In the coming weeks, the commission will put under the microscope not only the Defence Department's handling of the Langridge case, but also how it copes with soldiers suffering from mental illness and post-traumatic stress.

The inquiry also poses a political problem for the Harper government with Defence Minister Peter MacKay's refusal to hand over some internal documents to the military watchdog.

The Defence Department disputes the claim Cpl. Langridge suffered from post-traumatic stress disorder, or PTSD, following a stint in Afghanistan. The doctor who made the diagnosis is soon to testify, along with military police investigators who are the subject of the complaint.

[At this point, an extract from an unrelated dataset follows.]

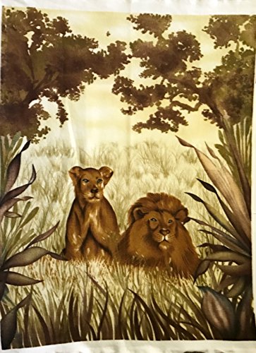 "King of the Jungle" Lion & Lioness Double Sided Fleece Fabric Panel (Great For Quilting, Sewing, Craft Projects, Throw Blankets, Wall Hangings, and More) 48" x 60"
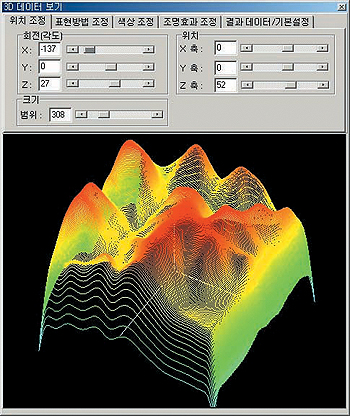 ▪ View Angle의 조정, 밝기 분포에 따른 칼라 설정, Light Source의 설정, WIre-Frame 및 Surface Rendering 지원

Cpl. Langridge's family accuses members of the National Investigative Service of conducting an inadequate, biased investigation aimed at exonerating the Canadian Forces.

Thus far, testimony from the military contends that Cpl. Langridge, who also served a tour in Bosnia, was a troubled young man with an addiction to alcohol and cocaine. One expert witness traced the problems as far back as Ms. Fynes' divorce from her son's father. The military withheld Cpl. Langridge's suicide note from his family for 14 months, something for which it has apologized.

Yet a jumble of contradictions and missteps were exposed in testimony last spring.

At first, it was claimed Cpl. Langridge had been under a "suicide watch" prior to his death. But a fellow soldier who attended him refused to describe it that way, saying it was only "a watch."

Witnesses also testified that the military consulted the family about the formulation of policy for dealing with loved ones, something Ms. Fynes angrily denies.

"What has surprised me the most is the levels Justice [Department] lawyers have gone to try and paint a very damning picture of our son. And some of the things that have been said by witnesses are so contradictory, and some of the things are just plain, flat-out, vile lies," she said.